今回インタヴューに答えてくれた中川さんからメッセージ映像が届きました!

画像をクリック!

──『ロロサエ・モナムール』の最初と最後には、子供の声が入ってるね。

中川敬(以下、中川):あれは東チモールの子供達の声。

──最後の「星降る島~オーマルシーラ・オーウルシーラ」は、その東チモールの人 が書いた曲のカヴァーということだけど。

中川:うん。俺達はアレックスって呼んでるけど、元山岳ゲリラで武器を持っていたやつで……でもまだ20代後半ぐらい。

──今は何をやってる人?

中川:元々ギターが好きで。アコースティック・ギター。で、東チモールという国には、日本でいうシンガー・ソングライターとか、ライヴハウスとか、CD作ってお金を取るとか、そういう文化が無いから、自分でガンガン曲を作って、村の子供達といっしょに音楽で遊んだり、楽器を教えたりしてる。

──そのアレックス達の声は、どうやって入れたの?

中川:映像から抜き出した。俺らを東チモールに連れていった環音(わおん /http://www.pc-lifeboat.com/waon/)っていうNGOをやっている広田(奈津子)さんは、映画を作るために東チモールにしょっちゅう行っている。 それでおさえてきた膨大な量の映像があってね。一応東チモールの、その村の人たちに、使っていいかどうか確認だけはしてもらった。なんか文化人類学者が、フィールドワークで搾取するみたいなのはイヤやから(笑)。すごく喜んでくれてるらしいけど。

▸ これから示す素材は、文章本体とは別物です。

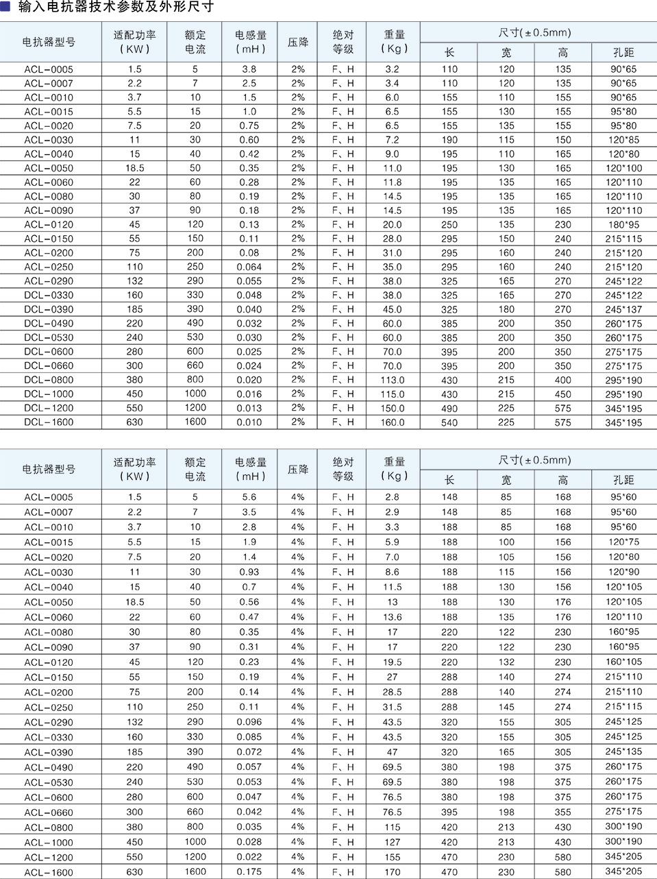 变频器用输入电抗器技术参数

──アレンジのせいもあるかも知れないけど、カヴァーというより完全にユニオンの曲になってるなと思った。

中川:初めに聞かせてもらった時に「これはやらなあかんな」と思ったよ。アレンジもすぐに“見えた”しね。

──実はジゲン、コーキのリズム隊になってから、スタジオ・レコーディングのフル・アルバムとしては、これが初めてだよね。つまり現体制のソウル・フラワーとしては、 初めてのフル・アルバム。

中川:ライヴをやってるメンバーで丸々フル・アルバムを録ったっていうのは、実は『エレクトロ・アジール・バップ』以来。……そうやって考えたら9年ぶりやね。今気付いた!  とにかく今回は2枚組になってもいいっていうくらいのノリやった。バンドの状態 がすごく良いし、録れる限り録りたいなと思った。

──今のバンドの演奏をたっぷり聴かせたいって感じ?

中川:それもあったし、気分やけど、ミニ・アルバム的なもんが続いてたやん? だから過剰なもん出したいなっていうのがあった。うちのアルバムって今までは長くても55分くらいやから、今回は一番長いよ。70分弱ある。『メイン・ストリートのなら ず者』(ローリング・ストーンズ)とか『ホワイト・アルバム』(ビートルズ)とか、 『ブロンド・オン・ブロンド』(ボブ・ディラン)みたいに、真剣に聞くと言うよりは、だら~っと聞ける、長篇の名作アルバムが好きでね。

──曲調はいろいろあるよね。

中川
:結果的にこうなったよね。でも、今回はだいぶ統一感があると思うよ。昔から、いろいろな曲調があっても統一感のあるものを作りたいと思ってて。でも、どうしても一曲一曲が単独、というかシングル寄せ集め風になっちゃうような傾向があった。必死で作りましたって感じのね(笑)。そういう意味では、より野望に近づいてきている(笑)。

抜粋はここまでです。